Sunday, March 28, 2010

Libby the Airedale's Portrait & Delaware Pets


I don't normally show the source images that I use for my portraits. I thought that I'd include this photo (below) of Libby the Airedale (RB) that I recently used for her memorial portrait because it shows how a painting can not only enhance a memory but actually improve upon the original image.


Libby was a rescue dale from Airedale Rescue and Adoption of the Delaware Valley. I didn't have many good photos to work from and I settled on this one because it showed expression plus it showed her head to advantage. The image is blurry but I knew that I could sharpen the focus in my painting. As you can see, I edited the out the extraneous background and used much more saturated color. I cropped it a wee bit closer to the nose than the photo since I like it to look as if the dog is about to emerge for the confines of the border! The nose touching the border creates a visual tension that draws your eye to that spot and you then follow the image across the canvas. Libby was a sweet Aire girl that I had the pleasure to know. Mako was especially fond of her. I think that she liked him, too!

I am fortunate to be featured in an article -"With lens, brush, artists capture love" - in the Spring edition of Delaware Pets! I'd like to thank Ken Mammerella of the News Journal for the interview for and including me in the story. The print version of Delaware Pets was included in 3/25 edition of the News Journal.

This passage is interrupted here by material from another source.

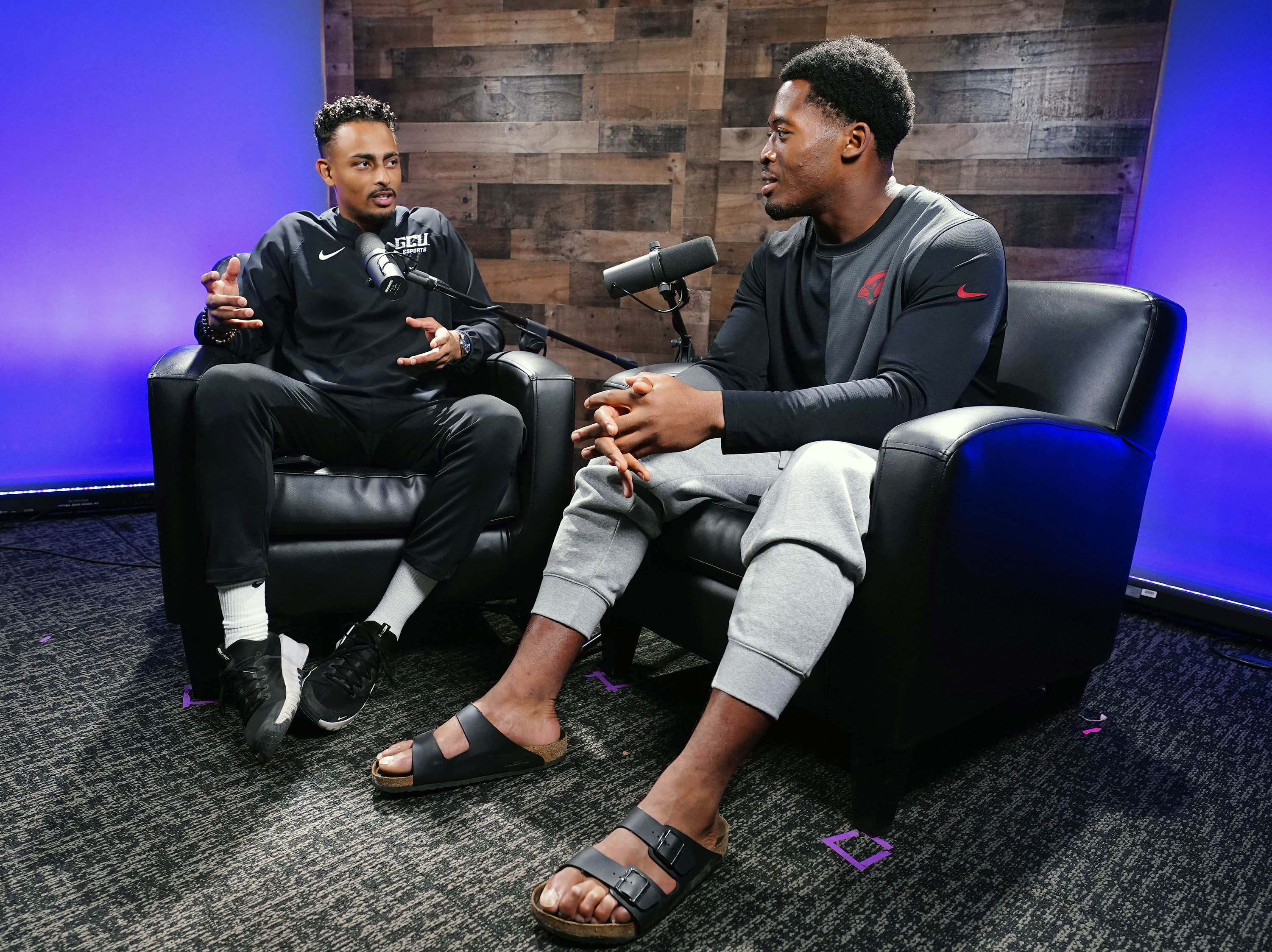 GCU Esports Director of Operations Jay DeShong interviews Cardinals linebacker Jared Bartlett during the livestream of the Gaming for Arizona’s Children tournament fundraiser. -
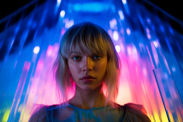 Neon Glow Portrait of Young Woman in Colorful Light Generative AI image

There is a quote in the article from me about grief counseling. Many of my clients have recently lost a pet and the pet's passing is the reason that they want to commission a portrait. Often, they have waited for a year or more to commission a portrait from me and the death of their pet has triggered the desire to have a portrait done now. A painted portrait is a way to still have a special connection to that pet. It is how I got started in the profession. I painted my Monty's portrait just before he died of CRF. Monty still guards the house and that portrait is my official image of him. Our society still doesn't fully recognize the validity of grieving over the loss of a pet. Sometimes, people feel guilty or that something is wrong about the intensity of their feelings. I'm here to say that it is normal. When you've shared your life and your emotions with your pet, they are part of the fabric of your life. Of course it hurts us when they die! Especially if you nursed them through that final illness. Anyone who puts you down for grieving for them is insensitive and cruel. I'm lucky to have a life and career where I am surrounded by animal lovers. We all understand the meaning of the human - animal relationship. It doesn't mean that you love the people in your life any less. In fact, it may mean that you love them even more.   

And to paraphrase the title of Temple Grandin's recent book - Animals Make Us Human!